Conquest of the Planet of the Apes (1972)
With a violent revolutionary climax inspired in part by the Watts riots, the fourth film in the original Apes series, as my friend pointed out above, is ultimately a movie about what nasty, self-satisfied, sniveling weaklings we are, and how we deserve a solid ass whipping from a bunch of jumpsuited gorillas. After all the beatings and electrocutions the humans dole out over the course of the film, how could we not expect a little resentment to build up? Or maybe we couldn’t, and that’s the problem. And when push comes to shove humans are revealed as helpless and pathetic and whiny, even with their guns and riot gear and tasers, against a wave of real anger armed only with the most basic of tools.

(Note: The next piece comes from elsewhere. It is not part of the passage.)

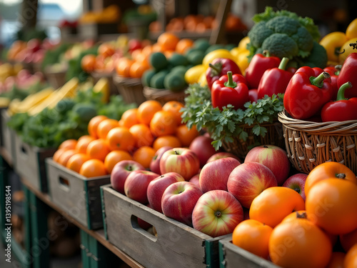 produce, harvest, autumn, fresh, market, food, healthy, vegetable, fruit, abundance, apple, orange, pepper, broccoli, parsley, basket, arrangement, display, nourishment, vitamin, vibrant, colourful, delicious, ripe, natural, agriculture, farming, seasonal, local, organic, vegetarian, vegan, epicure, culinary, ingredient, cooking, raw, gastronomy, marketplace, assortment, choice, offering, stack, pile
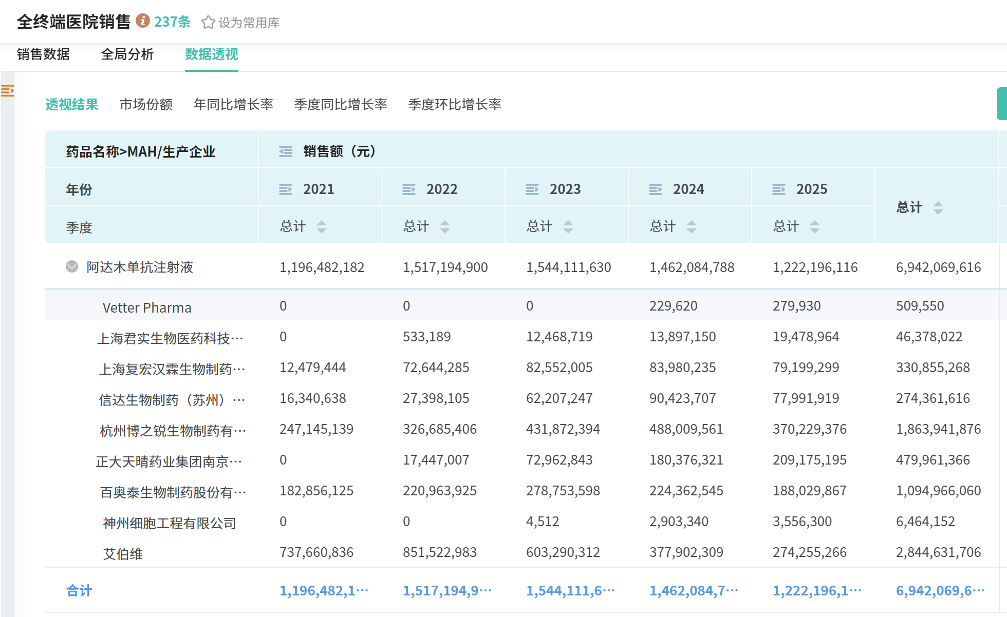 不过,博锐生物却是在国内把阿达木单抗卖得最好的企业。虽然博锐生物的安健宁®甚至不是首仿产品。它的获批时间晚于首仿百奥泰的格乐立®。而据摩熵医药数据库,2021年起,安健宁®就一直是国内仅次于原研药修美乐®的销冠;2024年之后,安健宁®超越修美乐®成为了本土销售额最高的阿达木单抗。

Even though the studio toned down Caesar’s final speech, shifting him from Eldridge Cleaver to Martin Luther King, the message is still the same: “it’s our planet now, and believe you me, we aren’t gonna be as shitty as you’ve been.” Funny to consider over the entire series, with only a few rare exceptions, humans are usually portrayed as creepy, shitty, and helpless. The one brief moment, Apes films-wise, when we are allowed a little taste of power, we blow it big time and get pounded to the pavement. Oh well. Guess we deserved it.
Night of the Living Dead (1968)
In Plan Nine From Outer Space, one of the aliens asks, “It’s an interesting thing to consider the Earth people, who can think, are so frightened of those who cannot, the dead.” He’s got a point. The dead don’t shuffle very fast most of the time, they aren’t that handy with power tools, and they don’t get drunk and talk loudly in restaurants. Apart from that whole “flesh eating” business, the most terrifying thing about them is their exponentially expanding population, and the fast-shrinking population of thinking humans.
At the end of AIP’s The Last Man on Earth, Vincent Price finds an antidote to the virus that was turning the world’s population into the walking dead. Romero offered nothing of the sort. In fact not only does he not offer salvation at the end, he offers no explanation at the beginning save for a vague radio report that may or may not be accurate. Corpses simply stand up and start eating the living, is all, and most people aren’t marksman enough to slow their spread. Throughout the first three, maybe four of his Dead films, humanity really doesn’t (and can’t) put up much of a fight. We try for a bit maybe, then run and hide and bicker and hope they can’t find us. Interpret it in whatever political terms you care too, but the final nihilistic message is the same: as a species, boy oh boy are we useless.